DFA, lower bound on number of states, language with primes and remainders

Question

This is an exercise from old exam on formal languages that I don't know how to solve:

Let $p \ge 5$ be a prime number and $L_p$ be a language of words over $\{0,1\}$ that read in binary from right (i.e. from least significant bit) give a number that gives remainder modulo $p$ from the set $\{1,2, \ldots, \frac{p-1}{2}\}$.

How to show that:

Every DFA recognizing $L_p$ has at least $2p$ states.

?

One fact that I know of and is somehow related (has DFA and primes in the statement) is:

Any DFA recognizing language $\{0^n : n \text{ is not divisible by } p\}$ has at least $p$ states.

This can be seen by observing that the language is infinite, hence any DFA must have a reachable cycle, from which some accepting state is reachable. And if that cycle had less than $p$ states, then because any number smaller than $p$ is coprime with $p$, we could loop sufficiently many times in that cycle and arrive at the aforementioned accepted state with a word $0^{kp}$ for some natural $k$ - a contradiction.

Maybe it's possible to use this fact, or alter this proof somehow to make it fit for the theorem with $L_p$?

--EDIT

I'm trying to solve it by Myhill-Nerode theorem, as Yuval Filmus suggested.
So, the goal is to find $2p$ words $w_1, \ldots, w_{2p}$ that will be pairwise distinguishable. I don't have a good intuition here but let's define $w_i$ to be $rev(bin(i))$ for $i = 1, \ldots, 2p$ ($bin(a)$ gives a binary representation of number $a$, and $rev(w)$ reverses the word $w$). Let's take any $i \neq j$ that both belong to $L_p$, or both don't. Now the task becomes a bit number-theoretic -- adding a common suffix $x$ to these words changes their values such that $val(w_ix) = val(w_i) + 2^{length(w_i)-1}val(x)$ (and similarly for $j$), where $val(\cdot)$ gives value of binary string reading from LSB (so e.g. $val(01) = 2$).
Now the question is: can we always find an appropriate $x$ that makes one of $w_ix, w_jx$ belong to $L_p$, and the other not? I don't know the answer to this question. Maybe I should use the fact, that $2$ is a multiplicative generator modulo $p$?

Answer 1

For a binary string $x$, let $N(x)$ be the value of the number when read LSB first. Then $N(xy) = N(x) + 2^{|x|} N(y)$.

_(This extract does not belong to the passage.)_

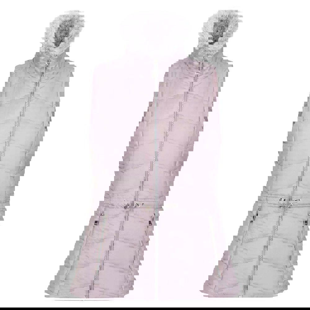 A high-neck silhouette is paired with a faux fur collar for added coverage. The sleeveless cut layers neatly over long-sleeve tops, while a full zip fastening keeps the front clean and simple. Two zipped front pockets provide secure storage, and a drawcord waist allows the shape to be adjusted.
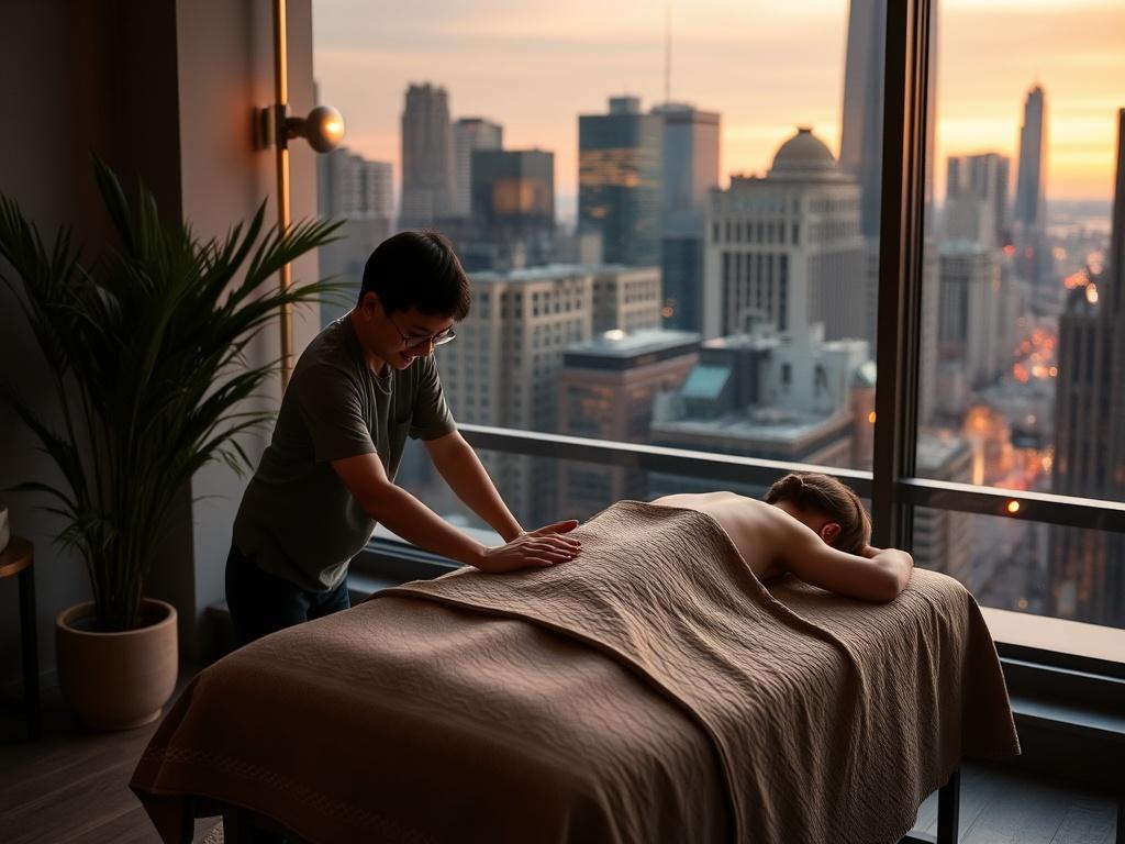 For visuals that suit a tasteful article or social posts: opt for high-quality photos of licensed massage therapists in professional spa settings, serene close-ups of hands working on shoulders, and nighttime Manhattan skyline shots — rooftop perspectives, Times Square from a distance, or the Brooklyn Bridge at dusk. Avoid sexualized imagery; choose elegance and atmosphere.

Now consider any $P \subseteq \mathbb{Z}_p$. For any $x$, $N(xy) \bmod p \in P$ iff $N(x) + 2^{|x|} N(y) \bmod p \in P$. This condition depends only on $N(x) \bmod p$ and $2^{|x|} \bmod p$, i.e. on $N(x) \bmod p$ and $|x| \bmod \operatorname{ord}_p(2)$ (here $\operatorname{ord}_p(2)$ is the smallest exponent such that $2^o \equiv 1 \pmod{p}$).

As $x$ goes over all binary strings, $(N(x) \bmod{p}, |x| \bmod\operatorname{ord}_p(2))$ goes over all possible $p \cdot \operatorname{ord}_p(2)$ values. One way to see this is to take zero paddings of strings representing $0,\ldots,p-1$.

Let us now consider the particular $P$ stated in the question. Since $p \geq 5$, $2^2 \not\equiv 1 \pmod{p}$, and so to prove the claim, it suffices to show that the equivalence classes $\{(a,1),(a,2) : a \in \mathbb{Z}_p\}$ are all different.

Consider any two equivalence classes $(a_1,b_1),(a_2,b_2)$. If exactly one of $a_1,a_2$ is in $P$, then there is nothing to do. Suppose first that $a_1,a_2 \in \{1,\ldots,\frac{p-1}{2}\}$. If $b_1 = b_2$ then $a_1 \neq a_2$. Without loss of generality, $a_1 < a_2$. Therefore we can find $n$ such that $a_1 + nb_1 = \frac{p-1}{2}$ while $a_2 + nb_2 \notin P$. If $b_1 = 1$ and $b_2 = 2$ then there is a range of $\frac{p-1}{2}$ consecutive values of $n$ such that $a_1 + nb_1$ goes over all of $1,\ldots,\frac{p-1}{2}$. For the same values of $n$, the expression $a_2 + nb_2$ goes over $\frac{p-1}{2}$ values in jumps of $2$; it is not hard to check that not all of them can belong to $P$.

We leave the case $a_1,a_2 \notin P$ to the reader.